(Raw data)
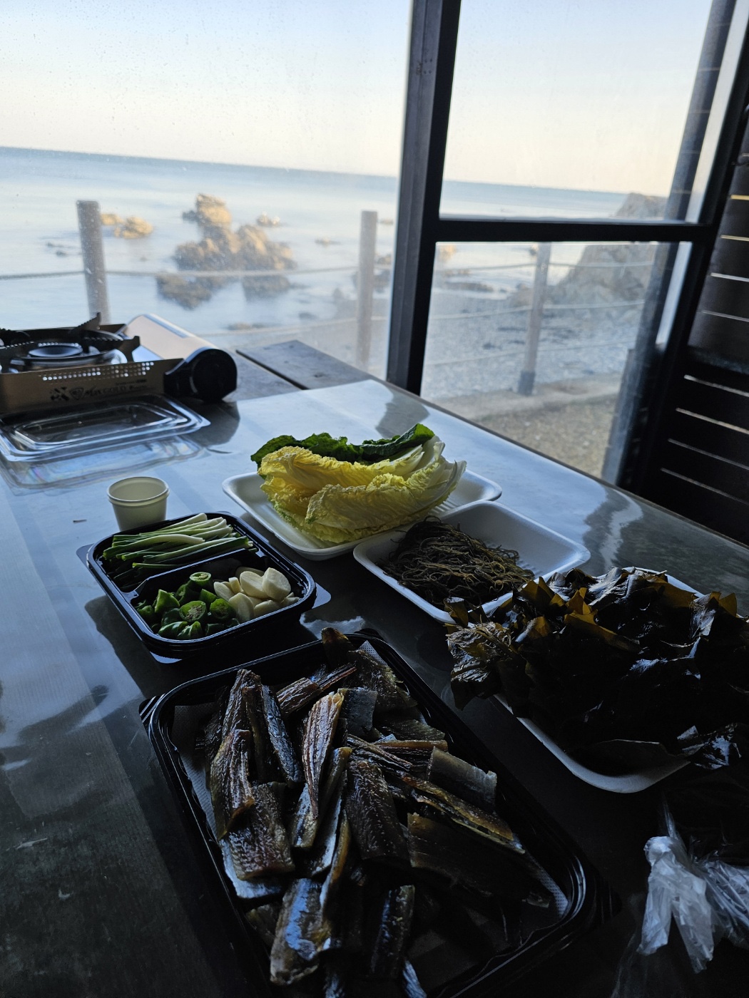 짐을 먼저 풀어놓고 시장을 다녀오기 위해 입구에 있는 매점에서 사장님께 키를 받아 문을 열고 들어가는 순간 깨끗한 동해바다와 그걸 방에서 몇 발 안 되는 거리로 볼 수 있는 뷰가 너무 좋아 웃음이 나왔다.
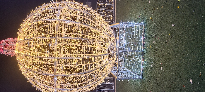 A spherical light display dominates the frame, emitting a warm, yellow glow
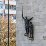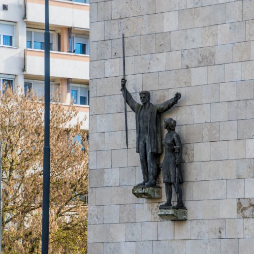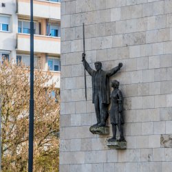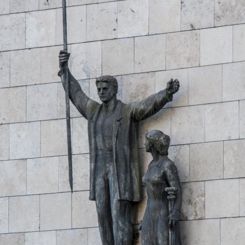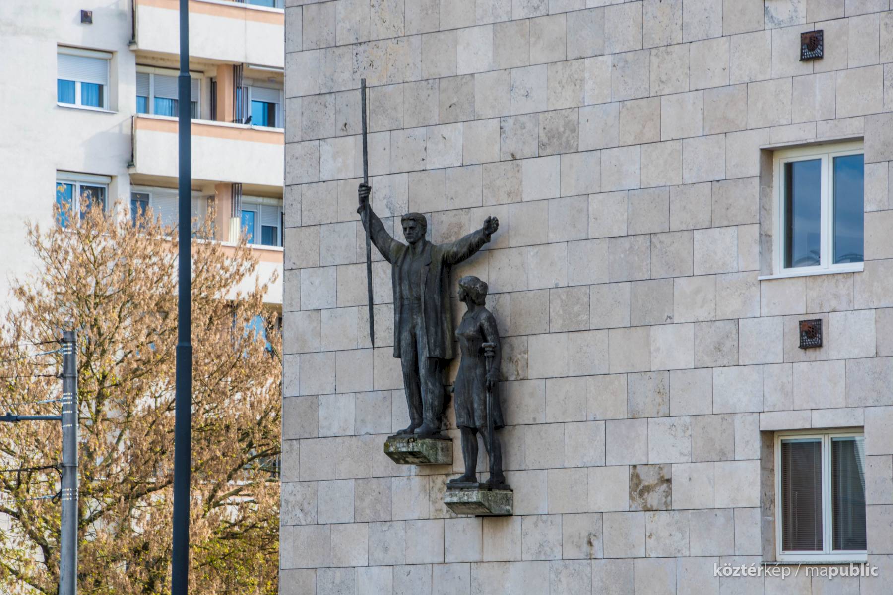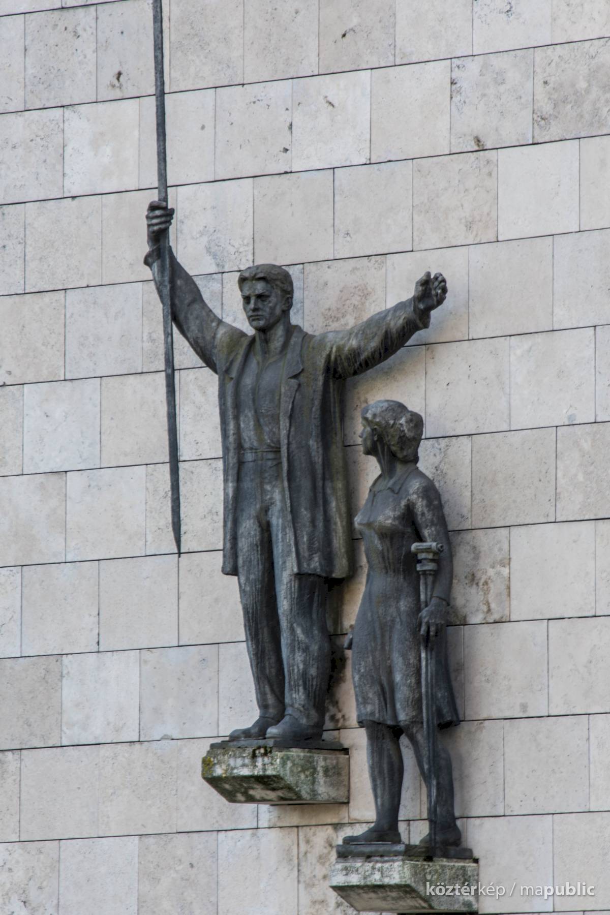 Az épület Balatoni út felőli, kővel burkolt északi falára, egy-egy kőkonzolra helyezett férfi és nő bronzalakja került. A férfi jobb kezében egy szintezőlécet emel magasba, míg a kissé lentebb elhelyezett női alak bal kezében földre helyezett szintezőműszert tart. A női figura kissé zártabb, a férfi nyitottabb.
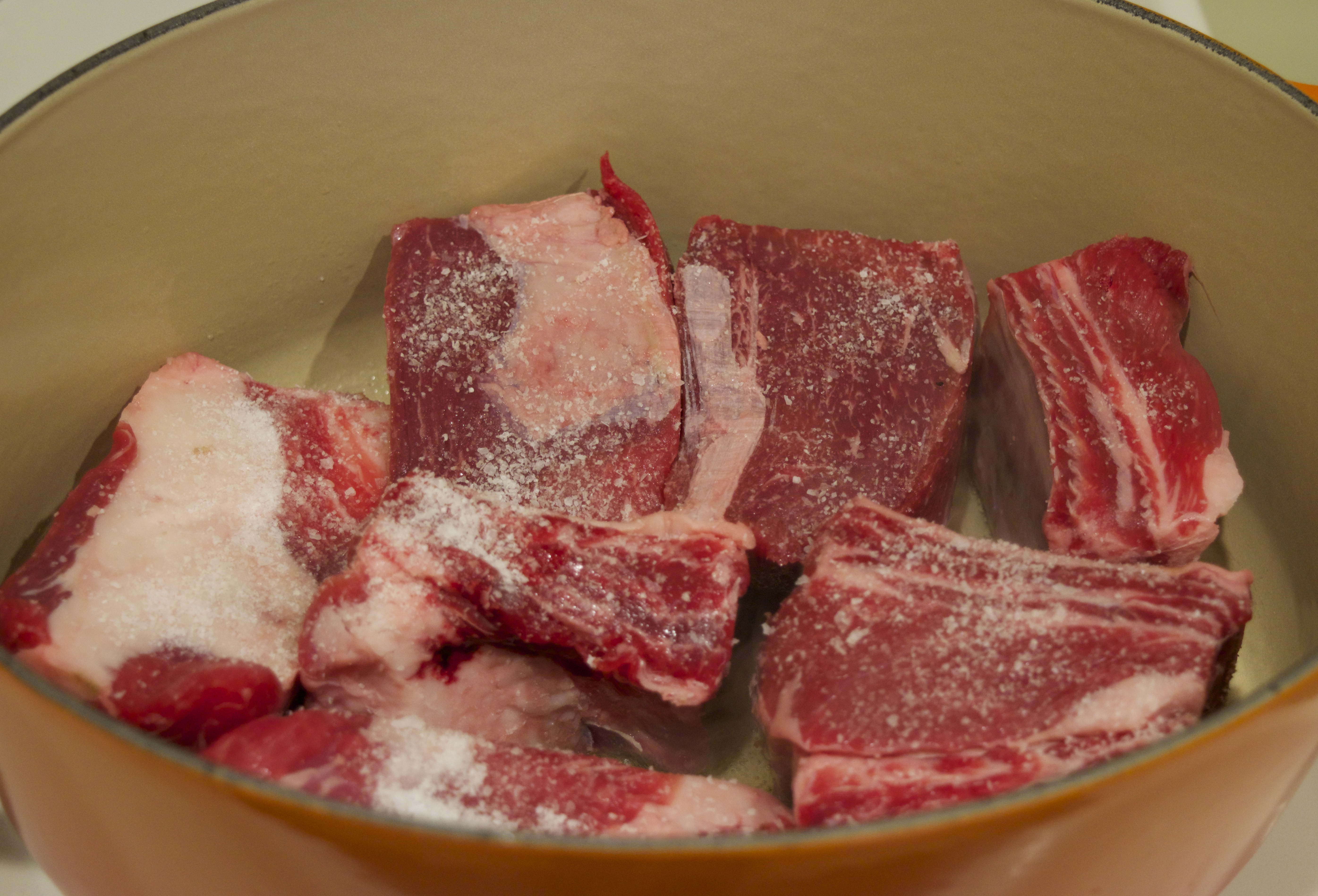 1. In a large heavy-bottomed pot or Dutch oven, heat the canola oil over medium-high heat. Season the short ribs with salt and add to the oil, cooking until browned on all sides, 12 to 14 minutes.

(Problem details) What is needed is an exact copy of the data, with the pictures removed.

(Answer section)
 짐을 먼저 풀어놓고 시장을 다녀오기 위해 입구에 있는 매점에서 사장님께 키를 받아 문을 열고 들어가는 순간 깨끗한 동해바다와 그걸 방에서 몇 발 안 되는 거리로 볼 수 있는 뷰가 너무 좋아 웃음이 나왔다.
 A spherical light display dominates the frame, emitting a warm, yellow glow
 Az épület Balatoni út felőli, kővel burkolt északi falára, egy-egy kőkonzolra helyezett férfi és nő bronzalakja került. A férfi jobb kezében egy szintezőlécet emel magasba, míg a kissé lentebb elhelyezett női alak bal kezében földre helyezett szintezőműszert tart. A női figura kissé zártabb, a férfi nyitottabb.
 1. In a large heavy-bottomed pot or Dutch oven, heat the canola oil over medium-high heat. Season the short ribs with salt and add to the oil, cooking until browned on all sides, 12 to 14 minutes.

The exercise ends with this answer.